### Task to complete
Repeat verbatim, and only, the lines of the data below, beginning at the line that contains "Antique Print - James" and stopping after the line that contains "Paraformaldehyde-fixed, paraffin embedded".

### Task material
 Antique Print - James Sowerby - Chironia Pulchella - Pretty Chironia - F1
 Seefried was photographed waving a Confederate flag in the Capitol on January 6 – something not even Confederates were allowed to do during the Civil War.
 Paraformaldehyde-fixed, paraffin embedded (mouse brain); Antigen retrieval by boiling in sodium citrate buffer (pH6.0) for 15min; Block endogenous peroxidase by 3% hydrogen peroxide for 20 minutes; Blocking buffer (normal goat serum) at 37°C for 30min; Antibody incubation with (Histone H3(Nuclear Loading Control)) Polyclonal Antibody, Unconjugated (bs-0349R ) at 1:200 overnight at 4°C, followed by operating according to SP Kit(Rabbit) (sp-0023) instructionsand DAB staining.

---

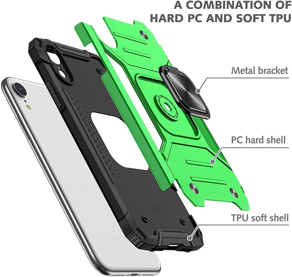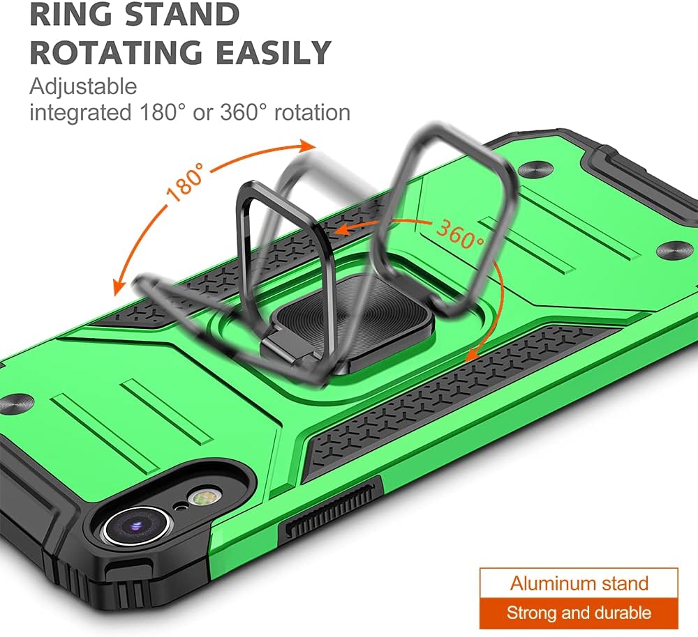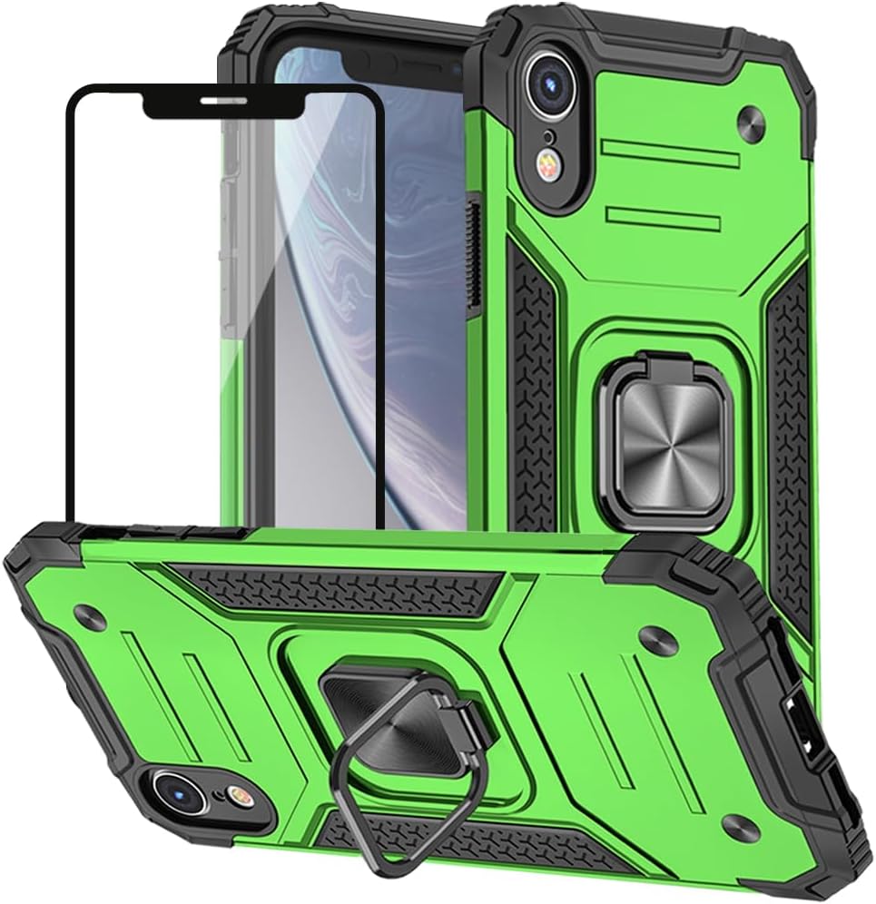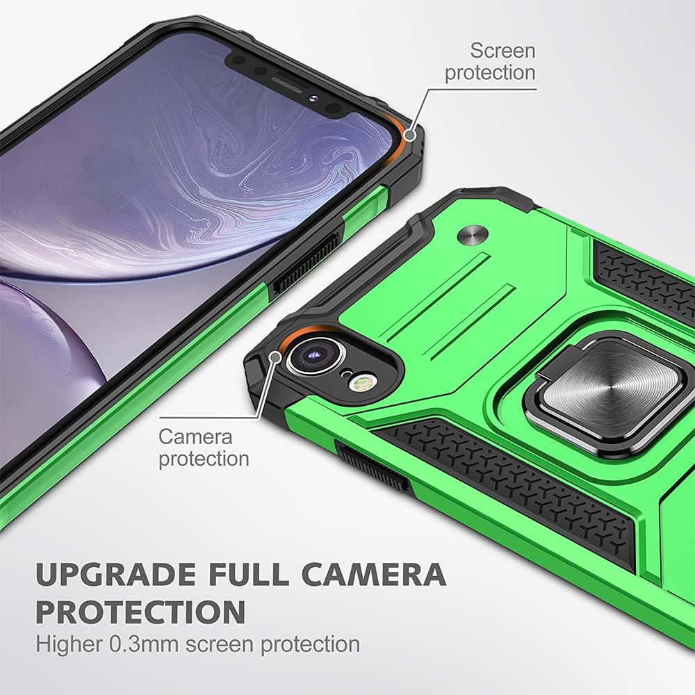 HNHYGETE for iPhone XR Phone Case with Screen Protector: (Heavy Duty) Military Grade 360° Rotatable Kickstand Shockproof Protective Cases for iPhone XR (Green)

### Completed exercise
 Antique Print - James Sowerby - Chironia Pulchella - Pretty Chironia - F1
 Seefried was photographed waving a Confederate flag in the Capitol on January 6 – something not even Confederates were allowed to do during the Civil War.
 Paraformaldehyde-fixed, paraffin embedded (mouse brain); Antigen retrieval by boiling in sodium citrate buffer (pH6.0) for 15min; Block endogenous peroxidase by 3% hydrogen peroxide for 20 minutes; Blocking buffer (normal goat serum) at 37°C for 30min; Antibody incubation with (Histone H3(Nuclear Loading Control)) Polyclonal Antibody, Unconjugated (bs-0349R ) at 1:200 overnight at 4°C, followed by operating according to SP Kit(Rabbit) (sp-0023) instructionsand DAB staining.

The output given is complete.